One of the things we should ALL have had a huge problem with G W Bush over was his making “reducing the black/white home ownership gap a primary mission of my administration.” (His wasting $12 BILLION/year on fighting AIDS in Africa was a 2nd one, although there may have been a “good deal” resource-wise” in that for us, though I’m not sure of that) Still, given that slightly over 30% of blacks live in poverty compared to about 11% of whites, that “mission” is impossible without first addressing the underlying cause of the home-ownership differential, to wit the poverty differential.

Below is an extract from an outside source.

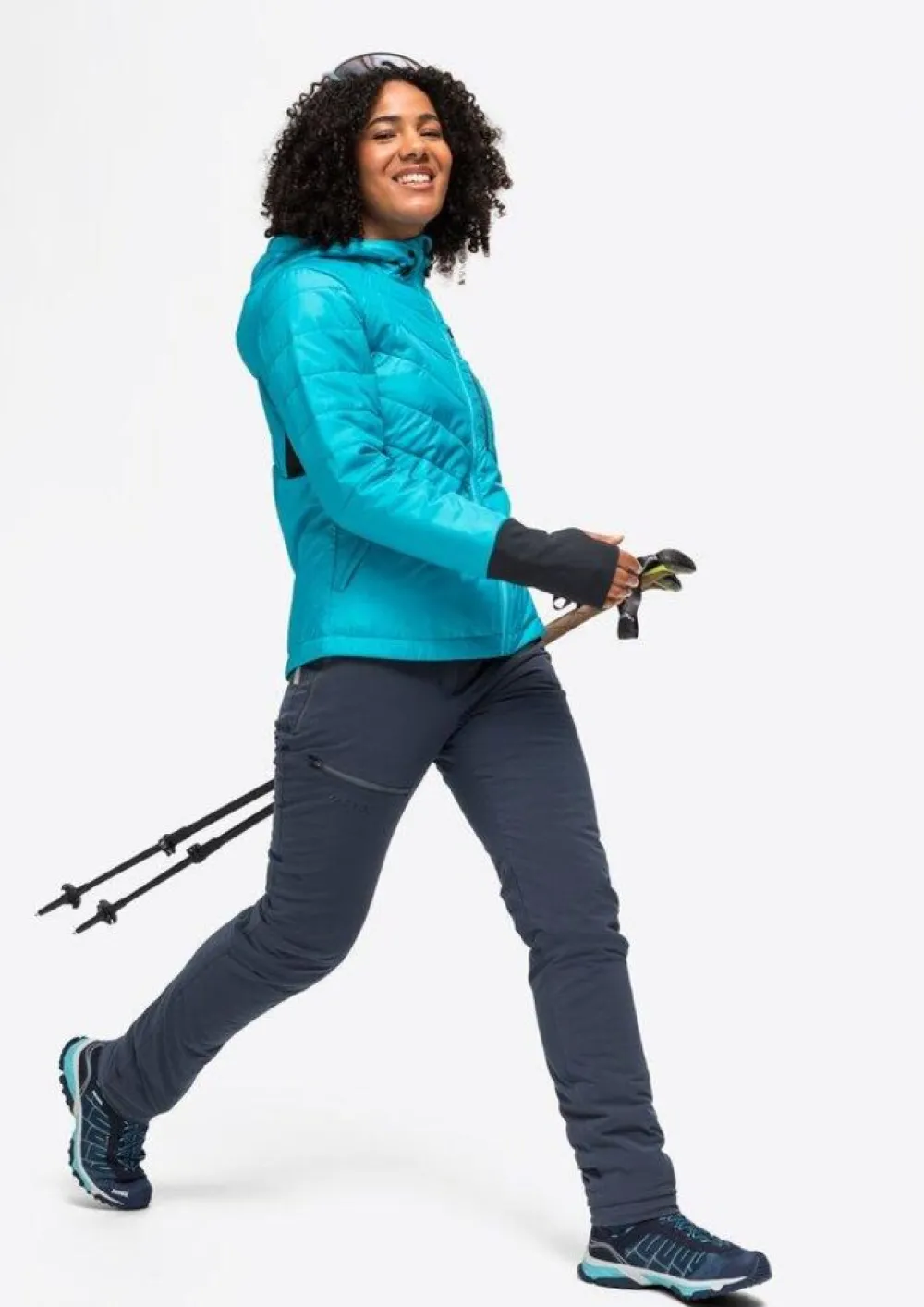 Een soepele, warme wandelbroek die zich, met natuurlijke eigenschappen, aanpast aan de temperatuur en aan de mate van inspanning.

Bush and other “Moderate” Republicans (Orin Hatch, John McCain, Lindsey Graham, etc.), all bought into the Jack Kemp “Ownership Society.” That turned out to be a misguided canard, based on the hopeful, yet wishful thinking that “homeowners tend to be more goal oriented, more personally responsible, socially Conservative people, the kind who’ll ultimately vote Republican.”

A canard as dangerously ill-conceived as the Democrat’s view that an influx of (traditionally socially Conservative Catholics) from places like Mexico, Honduras and the Philippines will be more likely to vote Democratic once they settle in and become citizens.

The facts showed Kemp’s vision to be wrong-headed, liberal/Utopian thinking. Home ownership itself has no magic powers. Home ownership doesn’t make a person more responsible...it’s quite the reverse! More responsible people tend toward the responsibilities of home ownership.

At any rate the “cheap money” program that brought such odd bedfellows as G W Bush, Barney Frank, John McCain and Chris Dodd together also tanked the economy.

Today America’s businesses are looking at a very unstable domestic future, one in which they can’t accurately estimate their expenses, because they can’t estimate what government is going to do going forward.

As for the plight of the American workers, it’s virtually ALL of our own doing. You ever hear the phrase “You can’t get rich working for someone else,” well it’s not only true, but you can substitute “comfortable” for “rich” and it’s equally accurate.

When workers demand cheaper goods (as consumers) that begets both a burgeoning trade imbalance AND outsourcing our manufacturing, as we buy cheaper goods from places with much lower standards of living and much lower worker costs, generally overseas. Those cheaper goods make life a little easier, but then the worker (as an employee) wants more money for an even better life…that, in turn ratchets up all the domestic costs of production, making the things we produce here (housing, services, etc) much more expensive.

There seems to be no way for the worker to escape the matrix that higher wages bring about much higher across the board costs that plummet his standard of living, while calls for cheaper goods and services results in massive trade imbalances and outsourcing as business and industry responds to that consumer demand. The best thing any worker can do is to constantly improve and expand their skill base.

One of America’s major problems right now is “structural unemployment.” There are plenty of jobs for physicists, accountants, geologists, petroleum, electrical and chemical engineers, etc. but far fewer decent paying low-skilled factory jobs.

My wife (an accountant) has a saying, “You should not try to make a “career” out of a job anyone else can walk off the street and do within ten minutes.”

An example of that is the cashier job…the fact that self-checkouts are so popular is a testament to both the inefficiency (and probably the discourtesy) of the “cashier-class” AND the ease of doing that “job.” If I can walk in off the street and do myself, what someone else is paying someone $10/hour for, that worker is a dinosaur approaching extinction, whether that “worker” is aware of that or not.